An inerter is a passive mechanical device that produces a force proportional to the relative acceleration between its ends. In a vehicle suspension, it can result in improved control of vehicle behaviour to reduce track and wheel wear.
Inerters were invented and used in on Formula 1 cars. RSSB’s initial technology transfer exercise identified potential applications of this technology in rail. This triggered a range of organisations to start making progress in three out of the four applications identified.
The table to the right summarises the overall progress to date for the applications of the inerter technology in rail.
Application of inerter technology to rail
Status
Expected benefits
Primary suspensionin passenger trains
In-service trials planned during 2026
£20 million reduction in fleet maintenance costs over 10 years, plus lower rates of track wear
Secondary suspension in passenger trains
Commercial studies underway
Not quantified
Pantographs
Prototype design complete
40% reduction in contact forces
Freight suspension
Not started
RSSB research continues to play an important role in developing inerters for primary and secondary suspension.

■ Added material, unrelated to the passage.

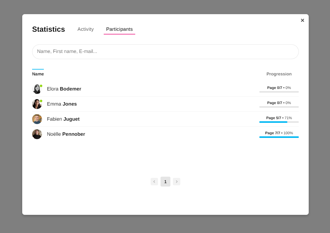 Here you'll find all the data available per participant, depending on the type of activity. For example, for an Adventure, you can access the progress, number of points and score of each participant. For a Board, it's the number of ideas shared. Or, as in the example below, the number of pages read in a Memo.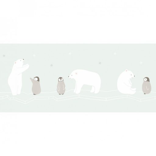 Casadeco Happy Dreams 82866234 FRISE POLAR BEAR BLUE jegesmedvék pingvinek kék fekér szürke bordűr

In particular, the work on primary suspension recently culminated in the successful prototyping and testing of an enhanced trailing arm bush (ETAB) for MK4 rolling stock. We are now working with Transport for Wales for ETAB to go through the assurance process and be used in the refurbishment of the MK4 fleet planned for November 2026.
An excellent indicator of implementation potential is the level of involvement by stakeholders. In this case, as the research journey moved from modelling and design to prototyping and testing, a range of stakeholders have been providing significant support, including financial (ROSCOs) and in-kind (GMT, the bushing manufacturer that prototyped the design) contributions.